La question de la base légale qui autoriserait les administrations cantonales à transmettre de telles données se pose sérieusement. Dans sa réponse à la question 23.7385, le Conseil fédéral indique que la loi sur la statistique fédérale (LSF) constitue une base légale suffisante à condition que le Conseil fédéral procède à une pesée entre l'intérêt public à disposer de données statistiques et l'intérêt public et privé à préserver le secret fiscal. Le Conseil fédéral semble avoir entrepris cette pesée des intérêts pour aboutir à la conclusion que l'intérêt public à produire des statistiques est prépondérant.

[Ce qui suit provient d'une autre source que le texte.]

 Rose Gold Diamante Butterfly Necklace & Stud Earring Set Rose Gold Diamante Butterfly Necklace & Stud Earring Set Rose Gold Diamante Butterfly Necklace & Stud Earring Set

Le fait de juger que l'intérêt public à la production de statistiques est prioritaire par rapport à l'intérêt public et privé à préserver le secret fiscal est questionnable. Le secret fiscal poursuit en effet un but évident d’intérêt public, celui d’une taxation efficace, complète et exacte. Cela implique un climat de confiance entre le contribuable et l’administration fiscale, qu’il s’agit de préserver.

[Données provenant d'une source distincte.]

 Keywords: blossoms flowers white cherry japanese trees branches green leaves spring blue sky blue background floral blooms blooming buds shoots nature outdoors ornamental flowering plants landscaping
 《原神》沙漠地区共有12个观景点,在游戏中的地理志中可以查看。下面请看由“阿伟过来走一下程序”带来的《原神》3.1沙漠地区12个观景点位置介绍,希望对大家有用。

Par ailleurs, un avis de droit du professeur et ancien juge fédéral Peter Locher, disponible sur le site de l’Etat de Vaud, parvient à la conclusion que la Confédération ne dispose pas des bases légales pour obtenir les données fiscales prévues en raison du secret fiscal qui protège la sphère privée des contribuables.

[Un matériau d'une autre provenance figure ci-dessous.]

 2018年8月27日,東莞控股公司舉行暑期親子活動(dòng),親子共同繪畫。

En raison des nombreux enjeux qui découlent de ce projet (sécurité des données, principe du secret fiscal, protection de la sphère privée), un conflit d’intérêts ne peut pas être résolu par l’introduction d’une simple annexe à une ordonnance du Conseil fédéral. Une nouvelle base légale formelle est nécessaire. Cela d’autant plus que la violation éventuelle du secret fiscal constitue un délit pénal.

Antrag des Bundesrates

Rejet

Stellungnahme des Bundesrates

L'Office fédéral de la justice a été chargé d'analyser les bases légales d'un relevé de données fiscales, analyse qu'il a par ailleurs publiée sur son site. Il a conclu, tout comme un avis de droit externe publié sur le site de l’Administration fédérale des contributions, que la loi sur la statistique fédérale constitue une base légale suffisante au niveau fédéral, à condition que le Conseil fédéral procède à une pesée entre l'intérêt public à disposer de données statistiques et l'intérêt public et privé à préserver le secret fiscal. Le Conseil fédéral a entrepris cette pesée des intérêts. Il est arrivé à la conclusion que l'intérêt public pour la statistique est prioritaire. Le nouveau relevé de données fiscales ne porte pas atteinte au secret fiscal. Dès que les données sont transmises à la Confédération, elles sont soumises au secret statistique qui garantit la protection de la sphère privée des contribuables, la confidentialité des informations reçues, leur utilisation purement statistique et la sécurité des données. Aucune conclusion sur la situation individuelle des ménages et des personnes ne pourra être tirée des résultats publiés. Par ailleurs, les principes de proportionnalité sont pris en compte selon les exigences fixées par la loi sur la statistique fédérale. La Confédération est consciente de la responsabilité qui lui incombe. Elle a d’ailleurs déjà mené un projet d’envergure avec onze cantons qui ont livré leurs données fiscales non anonymisées pour une analyse de la situation économique des personnes en âges d’activité et à l’âge de la retraite. Le projet a montré qu’il est possible de recueillir et de traiter les données en toute sécurité et dans le respect de la protection des données. Les données fiscales non anonymisées sont déterminantes pour évaluer de manière fiable l’impact de nombreux projets de réforme, en particulier dans les domaines de la politique fiscale et sociale. Elles fournissent en outre les bases indispensables à la planification et au pilotage de ces domaines politiques, tant au niveau fédéral qu'au niveau cantonal ou communal. L’analyse de la pauvreté en Suisse en fournit un exemple : pour ce faire, il faut associer les données fiscales avec celles provenant de l'aide sociale et des prestations complémentaires. C'est la seule manière de répondre à la motion 19.3953 CSEC-E, qui a chargé le Conseil fédéral d'introduire tous les cinq ans un monitoring national de la pauvreté.

Le Conseil fédéral propose de rejeter la motion.